Thanks in advance for all help that I can get!


----------



## J.C (Jul 18, 2019)

I have one aritsugu yanagiba (blue steel) very good quality and craftsmanship. Very easy to sharpen and cuts like dream!


----------



## ojisan (Jul 18, 2019)

I'm not sure if the information I have is up to date, but anyway try to drop some info.

Kyoto Aritsugu should have Jousei（上製）/Tokusei（特製）/Tsubanashi（ツバ無し）lines for mono steel gyutos and santoku-gyutos. Jousei and Tokusei should have bolsters and Tsubanashi doesn't. However, they discontinued Jousei and Tsubanashi gyutos (and santoku-gyuto) yeas ago so what available now is only Tokusei 18cm and 21cm. I was believing Jousei was made of Aogami 2, and Tokusei was Shirogami 2, but if you were told that it was made of SK95, my understanding was incorrect.
For steel/stainless cladding knives, they have Heijo-Ippin (western handle) and Wagokoro (japanese handle) lines.

I don't know which models you tried. If the one with SK95 didn't have a bolster, it could be one in the Tsubanashi line (if they still have stock). However, I'm not pretty sure if the price you got was correct. Tokusei 21 cm costed around 14k yen when I checked (maybe price up?). I assume the one with cladding is in Heijo-Ippin line.

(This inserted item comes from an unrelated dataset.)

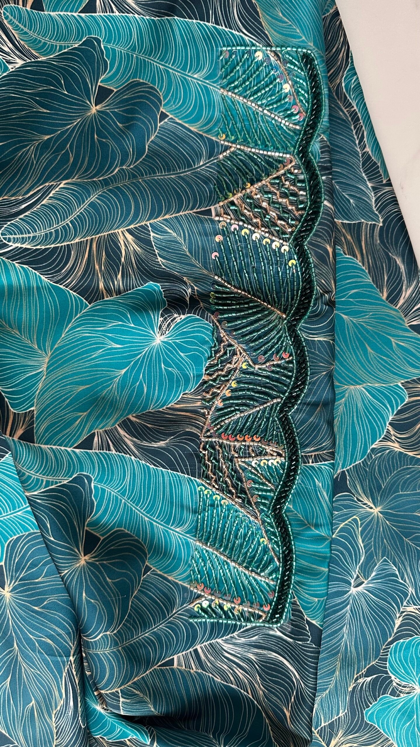 القماش حرير إيطالي، الخوار خرز شك يدوي ولولو وفولك و خيوط نايلون بدقة عالية .طول القماش 3.5 وار، و طول العرض عرضين. قياس الرقبة 8 انش طول في 7 انش عرض

If you mean Honyaki by 100%. It sounds hard to find one at Aritsugu. They might accept a special order, but hard to believe they have one in stock.

Stainless steel cladding is not bad at all IMO, especially the core steel is aogami. It's easy to maintain and gets sharp easily. I would choose stainless steel cladding over SK95.


----------



## ojisan (Jul 18, 2019)

It seems Jousei: Aogami 2 and Tokusei: Shirogami 2 applies only to their single beveled knives? Tokusei Gyuto could be SK95 mono steel... but in that case, 18k yen sounds a bit pricy. You can buy a Shirogami 2 mono steel gyuto from Ashi-hamono for that price...


----------



## riba (Jul 18, 2019)

You're buying a memory for your journey. 
You bought either a great knife or the first knife in a long knife journey. Just pick what looks at you.

(Fwiw, I personally don't care too much about the actual steel. I got some great yellow steel knives)


----------



## Mute-on (Jul 18, 2019)

Firstly, as @riba said, it is a memory from your journey, so I would certainly buy something. I have bought many knives in Japan for this reason, even though some are available online, outside Japan. 

Secondly, in your shoes, I would buy the “model with the inside/middle part being blue steel (aogami) and surrounded on both sides by stainless steel“. This translates to a San-mai construction (carbon steel core with stainless cladding) blade. 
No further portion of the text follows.